8. No connection between White Helmets and the abuse is established --- 
Agha is not in WH role and appears to be there as fighter


9. Photo where a rescuer is carrying a gun --- No context has ever 
established, and this is only case


10. Vid of an old rescuer praising fighters (but not specifically Nusra) 
- Replies from Assad supporters offer nothing else


11. Only other "new" evidence in replies is photo of White Helmets 
burning cannabis which has apparently been confiscated by local 
authorities and ordered to be destroyed


12. This is part of burning of refuse but is converted by Assad 
supporters into White Helmets as "agents of Sharia court".


13. This is the sum total of all evidence produced for "White Helmets = 
Al Qa'eda".


13. Remainder of Assad's supporters' case are unsupported allegations, 
ad hominem attacks, and diversions.


14. For example, video posted to one man's FB page (see 7 above) becomes 
"Video posted to WH page of the brutal execution of SAA [Syrian Arab Army]"

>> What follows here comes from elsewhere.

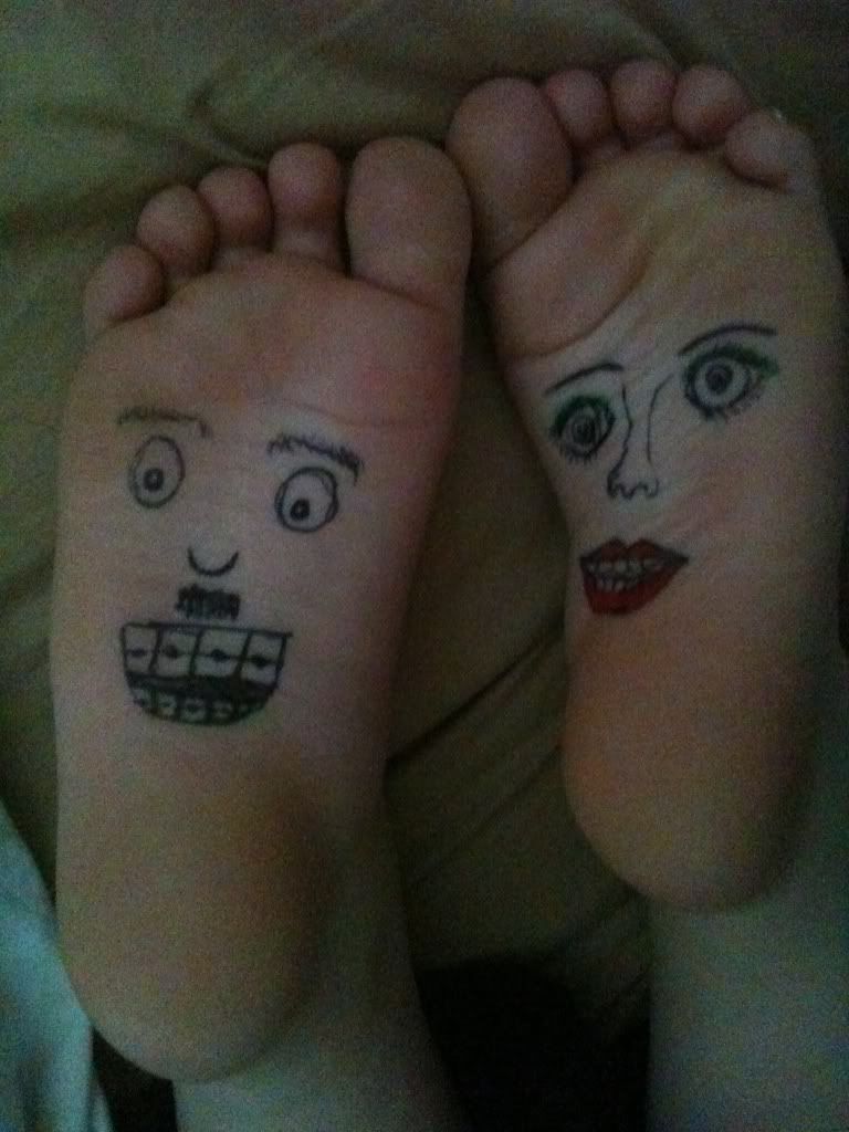 Hittade några tuschpennor, så jag ritade lite under syrrans fötter. Moget! Btw hon sover c:

15. Or hyperbolic question, "Are AQ recruiting WH or WH recruting AQ?"

16. Or unsupported accusation, "No mention of their desecration of SAA 
bodies"


17. Or "Calling for the burning of [regime enclaves of] #Kafarya and #Foua"

18. Or "All WH operatives only follow ISIS or Al Qaeda on Twitter"

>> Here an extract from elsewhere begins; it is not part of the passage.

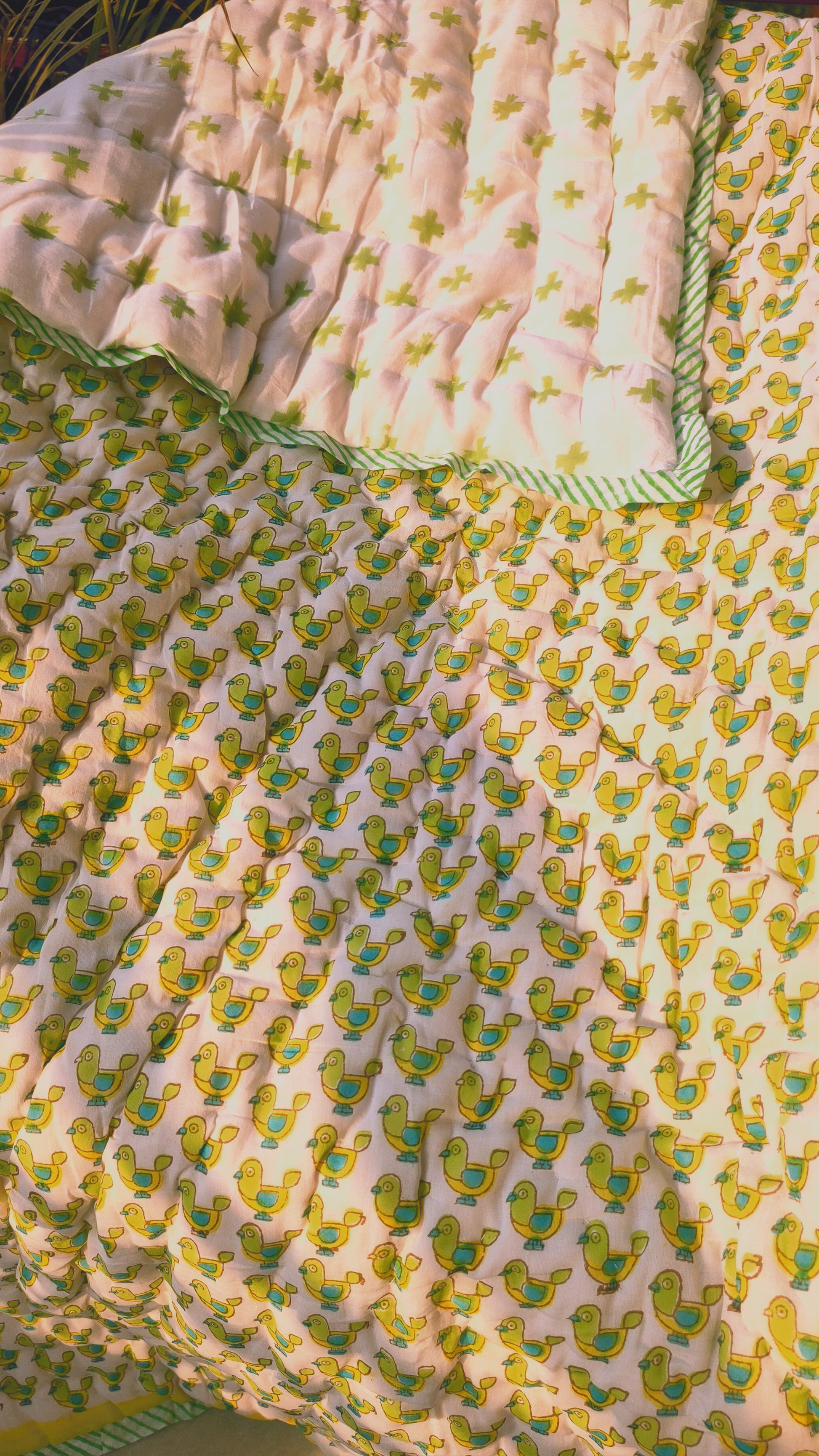 This adorable reversible quilt/comforter is made with pure mulmul cotton and features hand block prints in vibrant colors.

19. Then there is shout of "$60m funding from UK & US Govts for 
#WhiteHelmets"


20. This can easily be taken apart, but it is diversion from the topic 
"White Helmets = Al Qa'eda"


21. Still, it is revealing - Logic of Assad supporters is that US is 
deliberately supporting an Al-Qa'eda-linked group, even though Al Qa'eda 
is enemy of US


22. In short: ONLY evidence for systematic "White Helmets = Al Qa'eda" 
is a photo of a man with a gun with no context and another man (who may 
have left WH some time time ago) in a video with 2 Syrian Army POWs 
being mistreated. That's it.


23. Even if these two cases were granted, what of the 100s of other 
rescuers who have saved 10,000s of lives? Are they all Al Qa'eda?


24. This is a recurring smear. Its intent is to justify the attacks on 
White Helmets rescuers, including the missile strikes that killed five 
of them near Aleppo in late April.


25. Attention should be given to this smear precisely to repeat its 
purpose --- and to contrast it with the overwhelming evidence of the 
White Helmets as savers of life even as their own lives are threatened 
by bombs --- and by the propagandists who defend the bombers.